I firmly believe in the latter as experience has shown the significant detriment to our client’s health, wellbeing and quality of life, when their needs are not acknowledged, understood or catered to in our practice. However, I hope this OTalk would open up more conversation that affirms, challenges, and proposes additional considerations to my thinking.

With inclusion and participation being integral to occupational therapy practice, as well as the assumed promise of equality and diversity being core to our practice (Royal College of Occupational Therapists [no date]), I would like to think together about the ways in which we currently engage in advocacy from a professional perspective. I would also like to explore how we could further develop our efforts to ensure that it remains a core facet of our practice to enable our client’s engagement in occupation.  How we do this can vary from voicing individualised matters, all the way to contributing to larger political, legislative and policy changes (Kirsh 2015).  
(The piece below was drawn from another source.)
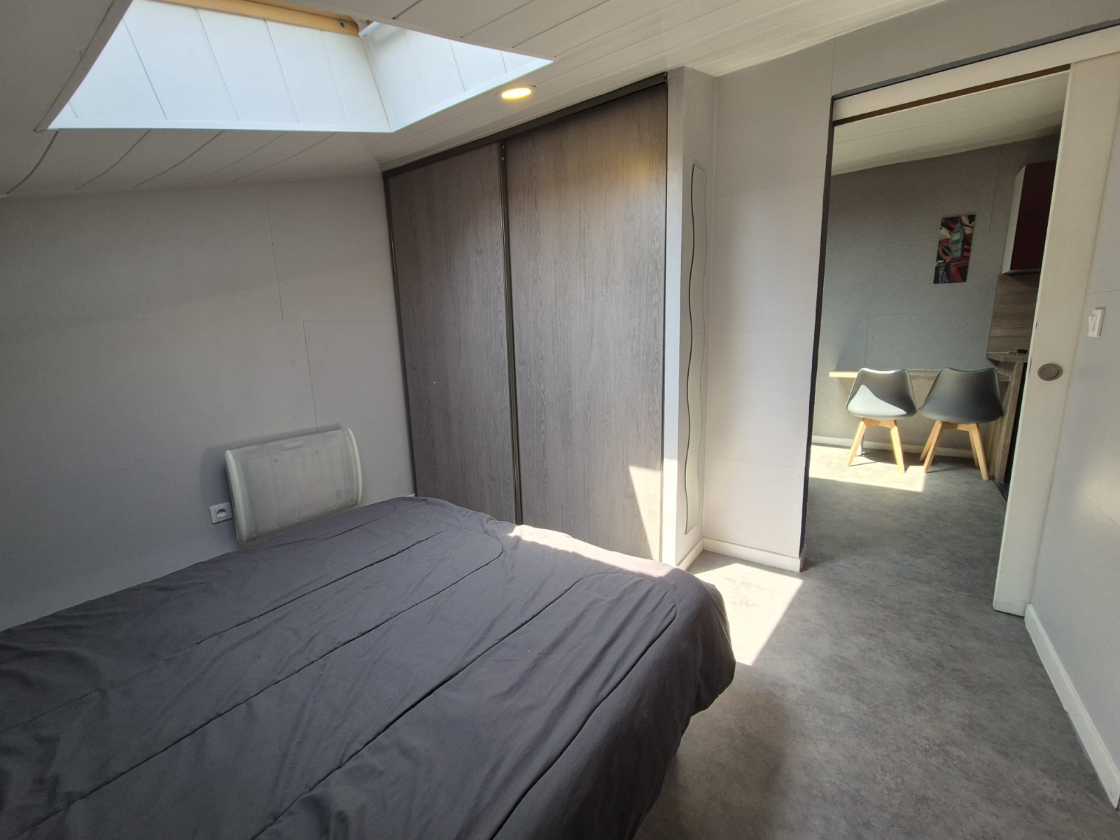 Il est composé d'une chambre avec placard, une salle d'eau avec WC, une cuisine ouverte sur séjour.

Having recently re-engaged with my twitter account (for the umpteenth time), I have observed how advocacy is imperative to all areas of occupational therapy practice. There are numerous health, social, cultural, physical, and institutional issues that can impact on the participation of our clients. These can include, but not limited to:

  • Raising awareness about specific and poorly understood conditions, e.g. neurodevelopmental conditions.
  • Outlining the need of specific equipment and/or technologies in practice.
  • Promoting equality and inclusion for marginalised groups, e.g. displaced individuals.
  • Writing business plans for occupational therapy roles in services.
  • Educating on the severity and impact of Long Covid on health, wellbeing and occupational engagement.
  • Highlighting accessibility issues in public and private settings.

In addition to advocating for our clients and enabling their ability to advocate for themselves, we also advocate for ourselves. As an evolving, and continually developing profession, we also find ourselves championing and fending for the specialist skill set within our discipline and advocating for the necessity of our roles within multidisciplinary teams.

All of this leaves me with a million questions about the subject of advocacy in occupational therapy, but I have managed to whittle them down to the following:


  1. What is your understanding of the meaning of advocacy in occupational therapy? Is it a core function of what we do as occupational therapists? 
  2. Can you share any specific matters related to your current practice that you feel would benefit from advocacy (eg. client groups, condition awareness, practice areas)?
  3. In what ways do we currently engage in advocacy as occupational therapists? Do we have the adequate tools to support us in effectively advocating for matters related to occupational justice?
  4. What are the challenges or barriers faced when advocating for others or ourselves? How might we overcome them?
  5. Can you share any past or present experiences of successfully, or unsuccessfully, advocating for a matter? Or experiences of a current advocacy journey?


American Occupational Therapy Association. 2020. Occupational Therapy Practice Framework: Domain and Process- Fourth Edition. The American Journal of Occupational Therapy 74(s2), pp. 1-87.

Dhillon, S.K. et al. 2010. Advocacy in occupational therapy: Exploring clinicians’ reasons and experiences of advocacy. Canadian Journal of Occupational Therapy 77(4), pp.241-248.

Kirsh, B.H. 2015. Transforming values into action: Advocacy as a professional imperative. Canadian Journal of Occupational Therapy 82(4), pp.212-223.

Royal College of Occupational Therapists. [No date]. Available at: https://www.rcot.co.uk/equality-diversity-and-inclusion [Accessed: 11th April 2021].

Stover, A.D. 2016. Client-centered advocacy: Every occupational therapy practitioner’s responsibility to understand medical necessity. American Journal of Occupational Therapy 70(5), pp.1-6.